Whether you are in career transition and looking for a new job, or employed and looking for something new, job searching is always challenging--partly due to all of the uncertainty you'll face as you "wait for your life to start again" as you search for the next right role fro you.

Suffice it to say that job searching can be full of obstacles that make the process hard to manage. Knowing the possible issues is the first step towards figuring out how to mitigate each challenge and move forward. Here are five unfortunate reasons I have discovered while working through job transitions and a few coping strategies for dealing with each. 

Reason 1: You Won't Always Interview For "The Perfect Job."

Congratulations! You just found THE PERFECT JOB! You have all of the required and preferred qualifications!  It's at the right level with your dream company, and you even know someone who works there who will say great things about you! Surely your days of job searching are coming to a close because you are the purple squirrel for THE PERFECT JOB!

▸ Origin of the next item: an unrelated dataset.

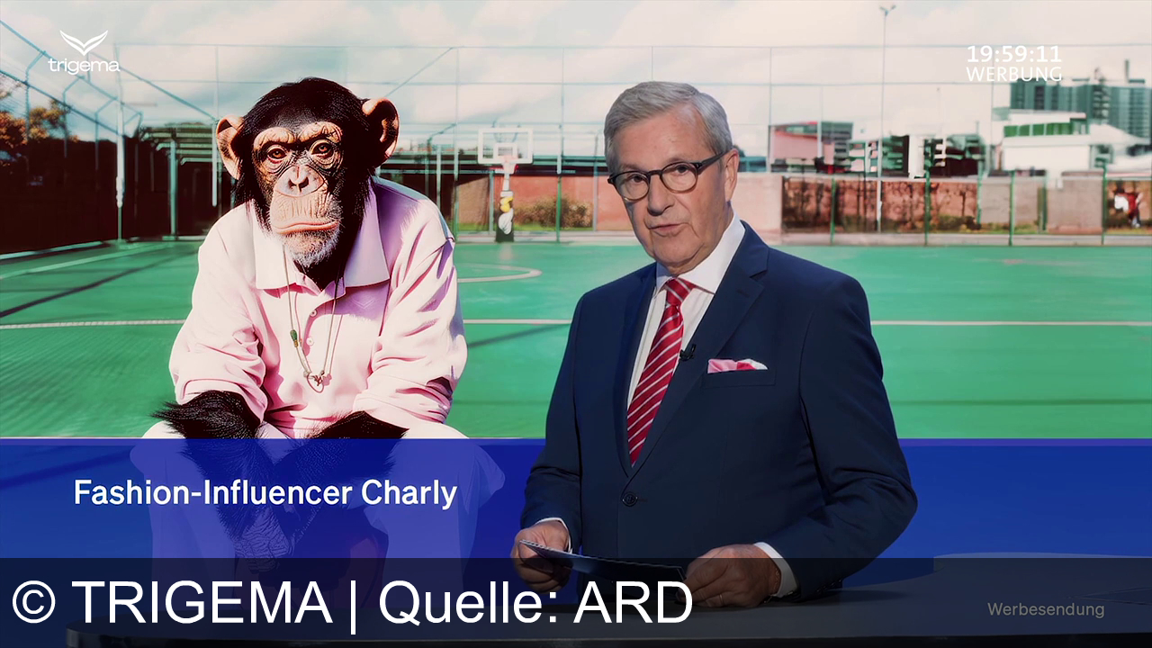 Ein Mann im Anzug steht an einem Tisch mit einem Bildschirm im Hintergrund. Auf dem Bildschirm ist ein Schimpanse in einem rosa Hemd zu sehen. Der Text "Fashion-Influencer Charly" ist eingeblendet. Rechts oben steht "Werbung" und eine Uhrzeit. Im Hintergrund befindet sich ein Basketballplatz.

Enter reality. I'm sorry to say that you may not even manage to get so much as an initial phone screen for this position. Even when you feel like the job was tailor-made for you, it may not work out the way you want. Why might that happen? 

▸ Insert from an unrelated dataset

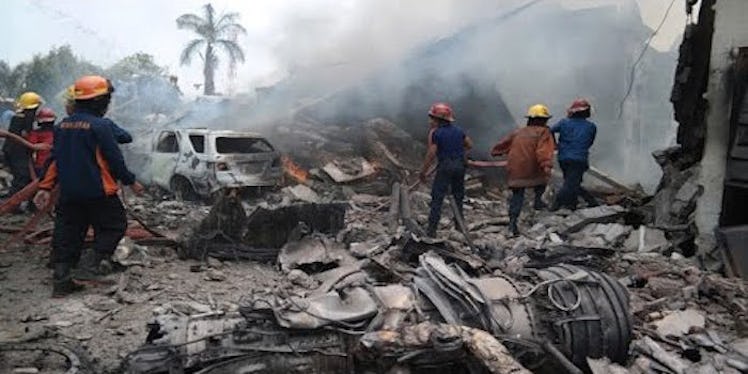 According to Coconuts Jakarta, officials said the plane, a Hercules C-130, went down on the island of Sumatra shortly after takeoff, ripping through buildings and leaving cars in ruins.

For one, the position may not actually be available. Some organizations post job openings to gauge interest in the position even though they have no solid plans to hire anytime soon. Conversely, the role may have been open for a while, and the selection process may be well underway. There could also be an internal person who will take the job without additional people being considered. In some cases, companies may have a policy that they need to post positions externally for a given length of time, even though they already have a candidate in mind.  Still other organizations may decide part way through the hiring process to leave a position unfilled but not remove it from their posted jobs right away.

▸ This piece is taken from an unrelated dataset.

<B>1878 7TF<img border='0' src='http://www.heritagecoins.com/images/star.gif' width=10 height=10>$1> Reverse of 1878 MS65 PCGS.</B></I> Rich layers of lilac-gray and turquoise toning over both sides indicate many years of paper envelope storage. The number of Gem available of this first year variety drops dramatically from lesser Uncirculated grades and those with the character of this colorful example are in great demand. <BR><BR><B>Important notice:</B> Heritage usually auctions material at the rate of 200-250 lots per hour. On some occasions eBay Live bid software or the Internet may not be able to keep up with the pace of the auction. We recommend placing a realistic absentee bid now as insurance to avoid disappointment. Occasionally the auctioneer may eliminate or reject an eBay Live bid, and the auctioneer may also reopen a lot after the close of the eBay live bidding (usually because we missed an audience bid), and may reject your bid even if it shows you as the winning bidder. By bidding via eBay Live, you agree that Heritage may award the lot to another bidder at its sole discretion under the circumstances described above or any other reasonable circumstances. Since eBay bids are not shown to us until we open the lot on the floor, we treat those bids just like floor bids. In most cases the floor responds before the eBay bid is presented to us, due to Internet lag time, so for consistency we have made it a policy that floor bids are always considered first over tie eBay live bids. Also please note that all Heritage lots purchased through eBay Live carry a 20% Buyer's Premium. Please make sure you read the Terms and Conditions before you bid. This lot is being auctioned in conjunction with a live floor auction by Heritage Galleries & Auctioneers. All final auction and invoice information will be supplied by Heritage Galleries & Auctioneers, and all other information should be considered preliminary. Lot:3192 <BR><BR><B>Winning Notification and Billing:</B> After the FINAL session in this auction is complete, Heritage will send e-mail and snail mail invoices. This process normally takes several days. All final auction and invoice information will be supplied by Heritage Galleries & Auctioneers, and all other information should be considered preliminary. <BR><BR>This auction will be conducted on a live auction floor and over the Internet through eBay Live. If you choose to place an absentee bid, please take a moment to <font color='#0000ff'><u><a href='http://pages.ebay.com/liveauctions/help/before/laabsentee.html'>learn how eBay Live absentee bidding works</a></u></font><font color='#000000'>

Assuming the job is really, and for true accepting applicants, there may still be issues. For one, key organizational stakeholders may lack common agreement on what a job role will do and what constitutes being a well-qualified candidate. Decision makers may also each have their own non-negotiable requirements for the qualifications for the potential hire--which may or may not relate to the person's ability to do the job. Remember that no matter what the issue is, it seldom has anything to do with you personally. It's just the life of recruiting for and trying to fill positions with the best candidates they can find--sometimes with people who are (unfortunately) not you.

Coping Strategies

  • Talk to people who work for the company in that department to learn more about the company and the inside information on the role. Find out if the job is for real open, what the job actually does, who the hiring manager is, and what their ideas are on what it means to be well qualified. More information can help you decide how to proceed--or possibly to skip applying altogether.
  • When possible, try to have someone already working at the company refer you for a position. This may help you get your resume in front of the hiring manager by someone who can vouch for you as a candidate. 
  • ​Apply for multiple positions at different employers and manage your expectations accordingly. Know that you won't get every job that catches your eye--regardless of how qualified you are.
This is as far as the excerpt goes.